The main function of a varnish is to protect the paint job. If you plan on playing with the miniatures you are painting, you should apply varnish on your finished miniature. If miniatures are only for display, varnish isn't usually required. All uses:
- Protective coating; to protect the paint job.
- Improve decals; hides the decal seams.
- Change the perceived reflectivity; matte, satin or glossy.
- Make the next paint layer flow more; gloss helps washes flow to recesses.
- Make the next paint layer flow less; matte helps paints to stay on surfaces.
- Making "magic washes"; mix the varnish with some paints or inks.
Varnish doesn't have to be the last layer. For example, if you are using metallic paints, applying a strong matte varnish on top of that kills half of the idea of metallic paints (the shine). Consider adding varnish before applying last metallic paint highlights or alternatively varnish your metallic sections with a more glossy varnish.
Non-metallic metal (NMM) can be matte though.
The whole model doesn't have to use the same varnish. You might want to varnish some parts matte, some parts glossy.
Make sure your model is fully dry before applying a varnish. At least one hour as the paint must be dry on the surface and inside. Note that washes, texture paints and oil paints dry more slowly.
You can apply varnishes in various ways: brush, airbrush or spray. You frequently have to thin the varnish down with water on an airbrush. Otherwise, it can settle into the recesses and cause undesirable frosty look
You can use any varnish as a gap filler. Not as efficient as putty but does the job.
Varnishes have different levels of reflectiveness.
- Gloss: Finish with shine, darkens colors, the most durable.
- Matte: Finish without shine, dulls colors, fairly durable.
- Satin/Semi-gloss/Semi-matte: between gloss and matte.
Most professional artists prefer matte because then the environmental lightning doesn't affect less how the model looks.
The reflectivity matters:
- Matte allows you to paint like it will appear on pictures, but then you have to paint even the minute lightning details yourself.
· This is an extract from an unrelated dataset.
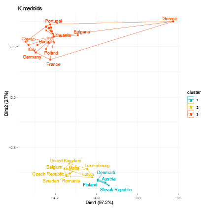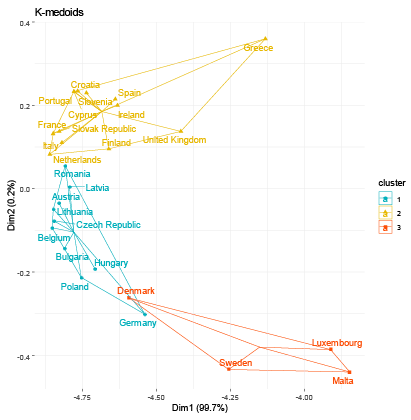 Note: *Country is the center of the cluster (medoid). Countries in bold are currently part of the Eurozone.

A blessing for display models, a curse for speed painting.
- Satin helps you to cut corners because the minor reflection from the environment add natural highlights.
- Glossy is useful for special effects e.g. to make surfaces look wet, organic or otherwise shiny.
Varnishes also have warmth. Matte is cool. Glossy is warm.
Varnish Reviews (from the most matte to the most glossy):
- AK Interactive Ultra Matte Varnish
- Reflective like an eraser.
- They are not kidding about the "Ultra Matte" part, and pleasant to touch.
- Army Painter Anti-shine Matt Varnish
- Reflective like a crayon.
- Result is more or less what most miniature paints look after drying.
- Vallejo Matte Varnish
- Reflective like human skin.
- Even though it says matte, it is slightly more glossy than without varnish.
- AK Interactive Matte Varnish
- Reflective like human nail.
- Vallejo Satin Varnish
- Reflective like metal.
- Pledge Floor Care Finish
- Reflective like glass.
- Runny, thin and milky-white before drying glossy, transparent and a bit sticky.
- Citadel 'Ardcoat
- Reflective like glass.
- The most similar to Pledge, but a tiny bit more glossy and thick.
- AK Interactive Glossy Varnish
- Reflective like a damp surface.
- Exceptionally runny, wouldn't use this with a brush.
- AK Interactive Satin Varnish
- Reflective like a moist surface.
- Easier to get a glossy effect with this than AKI Glossy as that one is too runny.
- Vallejo Gloss Varnish
- Reflective like a plastic wrapper.
- Pools quite a bit without thinning.
- Army Painter Gloss Varnish
- Reflective like a hard candy.
- Slightly yellowish before drying, dries mostly transparent and doesn't pool.
You can also use epoxy and UV resin as a varnish, but I haven't tried those.
Pledge Floor Care Finish
Pledge is a water-soluble, acrylic, clear, thin and sturdy floor coating. Also referred as "floor wax" but is not actually wax. But you can also use it as a cheap and super durable gloss varnish for miniatures!
My Pledge bottle was on the corner of the table for a week and didn't notice I had spilled some stuff under the bottle. It took serious scraping to get it all off.
Pledge has many variants; clear, slightly yellowish and milky. All dry transparent. All smell quite nice, but they are chemicals, so you shouldn't sniff them. May irritate skin.
It is formulated to avoid pooling, as it is used to wax floors. It has very low surface tension, virtually never forms droplets or pools up as it dries. It dries to satin glossiness and slightly sticky. It dries fast, 15 minutes or so.
You don't need to thin it down, but you can. It is seriously good as it is. You can even mix Pledge with tiny amounts of paint to create satin washes (usually black).
Pledge is especially excellent in varnishing glass-like surfaces. Dip clear part, wick off the excess and let it dry. Makes it look less like plastic and more like glass.